Esas son las raíces de Jun Organic, el primer taller artesanal que, dentro de México, elabora y distribuye “productos terapéuticos y cosméticos, hechos a partir de cannabis”.

N. es el experto en botánica, y E. la especialista en medicina tradicional y herbolaria. “Nosotros no cosechamos la planta para venderla –explica ella–, debe quedar muy claro que nosotros no vendemos mariguana, sino que vendemos productos elaborados a partir de ella que tienen un fin exclusivamente terapéutico. No son ni mágicos ni milagrosos, y si te los comes no te producen ningún efecto psicotrópico.
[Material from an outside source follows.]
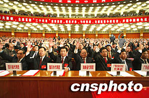 目前,大會已選舉產(chǎn)生新一屆中央委員會,已通過關于十五屆中央委員會報告的決議(草案),批準江澤民同志代表十五屆中央委員會所作的報告。

Además –subraya– nuestros productos tampoco son sustitutos de los medicamentos que los doctores recetan a sus pacientes, sino que, en todo caso, son complementarios a los tratamientos médicos, y ayudan a elevar la calidad de vida de personas con enfermedades crónico-degenerativas, así como también a aliviar los síntomas de otros padecimientos, como el cáncer, que, por su agresividad, genera fuertes dolores y tiene a suprimir el sueño o el apetito”.

E. habla con soltura, mientras va creando una hilera de jabones con forma de flor, de un verde traslúcido y suave, cuyos bordes refina con una cuchara tan pronto como los saca del molde, para luego cubrirlos con una envoltura plástica.
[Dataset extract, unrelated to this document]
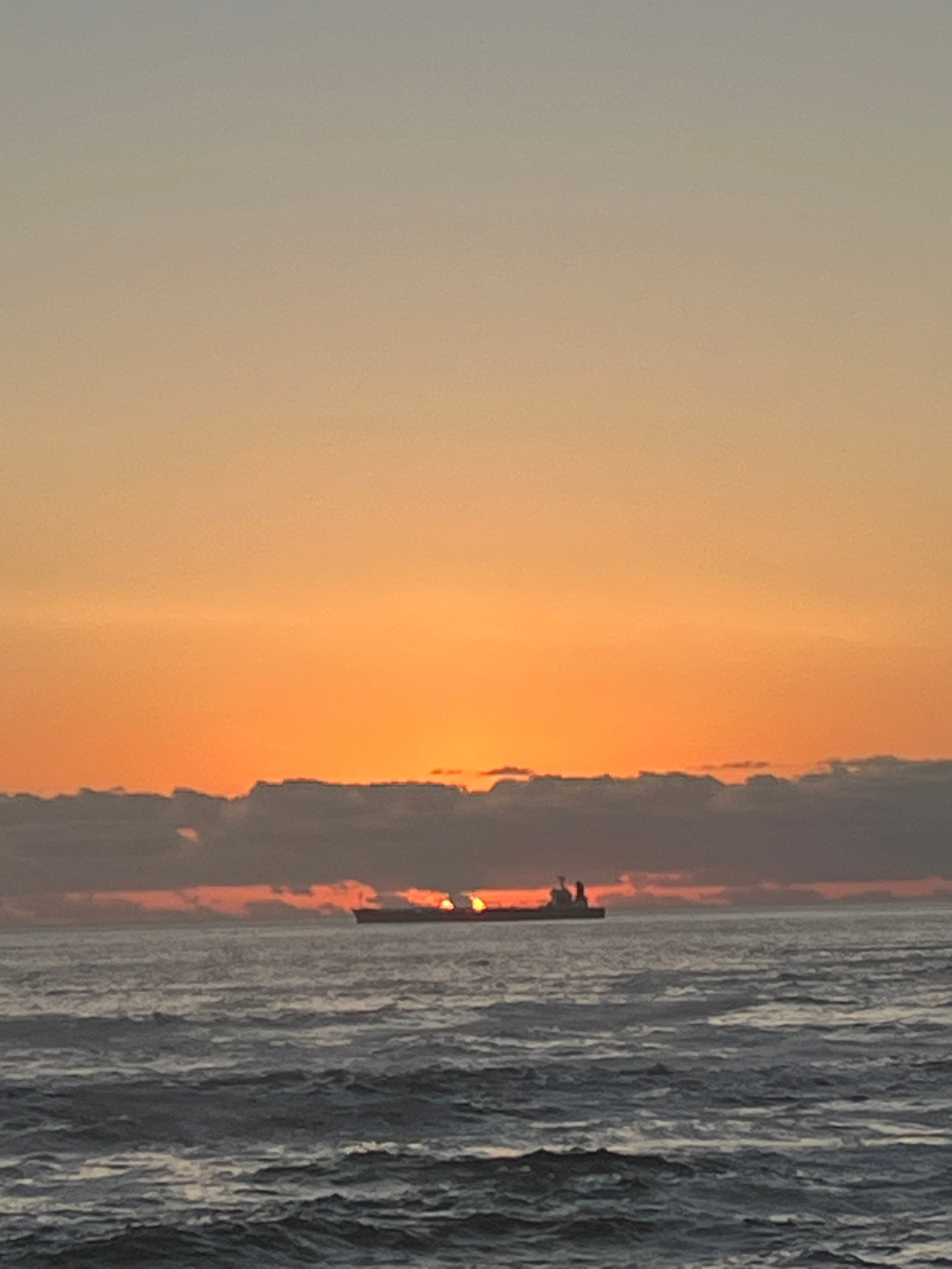 The image shows a seascape at sunset, likely near Arica, Chile given the request. The right side of the image contains water with visible wave patterns. Towards the center, the sun appears on the hori…read more

”Estos jabones, por ejemplo, son de mariguana y aloe vera, y por sus cualidades hidratantes y cicatrizantes se recomienda su uso a personas con diabetes, enfermedad que produce, entre muchos otros síntomas, graves problemas en la piel”.

“Estos jabones, y también las ceras y cremas elaboradas con la misma fórmula, nos los encarga gente que padece desde resequedad extrema, hasta ‘piel de azúcar’, que es cuando, por la diabetes, la piel se vuelve como de caramelo. Si tú tocas a alguien con ese padecimiento, te llevas su piel en la yema de los dedos. Esto ayuda mucho a revertir este deterioro de la dermis. También los encarga gente con ‘pie diabético’, una ulceración en las extremidades inferiores que genera infección y destrucción de tejidos. Estas cremas y jabones han ayudado a quienes lo padecen a detener y revertir, poco a poco, este problema, que es muy doloroso e incapacitante”.
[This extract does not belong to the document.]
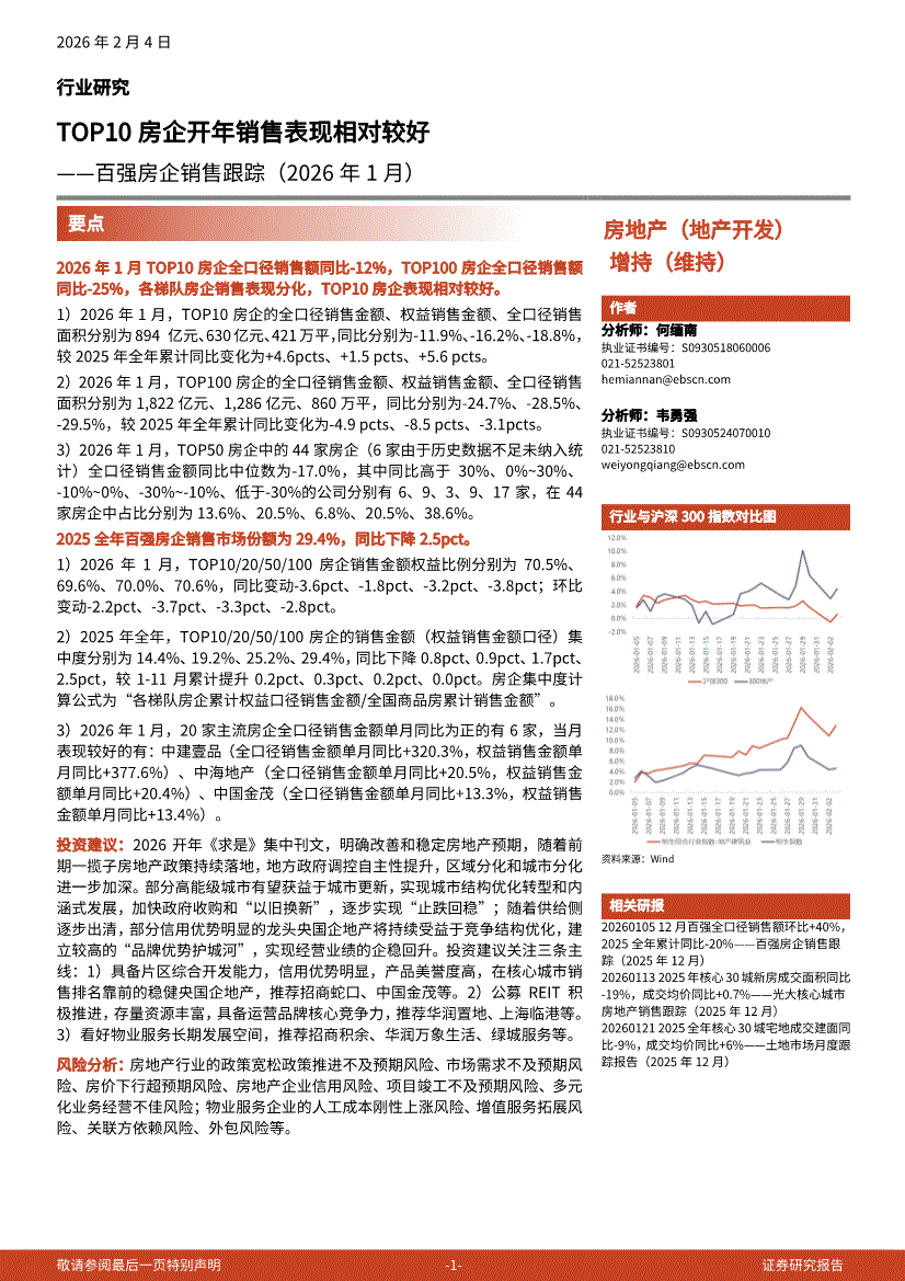 房地产行业研报:光大证券-房地产行业百强房企销售跟踪(2026年1月):TOP10房企开年销售表现相对较好-260204

“Entre la línea de jabones, explica E., también están los de avena y mariguana, el primer ingrediente para exfoliar y el segundo para estimular la regeneración celular; el de mariguana y mandarina, cuyo uso se sugiere para reducir la celulitis y las estrías; y el de mariguana y coco, que sirve para tratar infecciones en la piel, ya que a las cualidades regenerativas del cannabis se suman las propiedades antibacterianas y antimicóticas del coco”.

“Y también usamos cocos, aunque de otro tipo –añade N., mostrando una semilla de mariguana–, para elaborar cera cosmética, que sirve para reducir las ojeras y las bolsas bajo los ojos.”

La crema con escencia de mariguana, por otra parte, es empleada por gente con artritis, “para hacer más lento el deterioro de sus articulaciones”, así como para reducir los dolores reumáticos.

“No estamos inventando el hilo negro –destaca E.–, estos usos terapéuticos del cannabis, así como de otras plantas y frutas, son parte de la herencia herbolaria de los pueblos mexicanos, y son métodos que hasta hace poco usaban las abuelitas como remedios caseros.”

Calidad de vida

Foto mota 4S. es una mujer madura, madre de dos adultos y abuela de dos bebés, uno de año y medio, y el otro de unos cuantos meses.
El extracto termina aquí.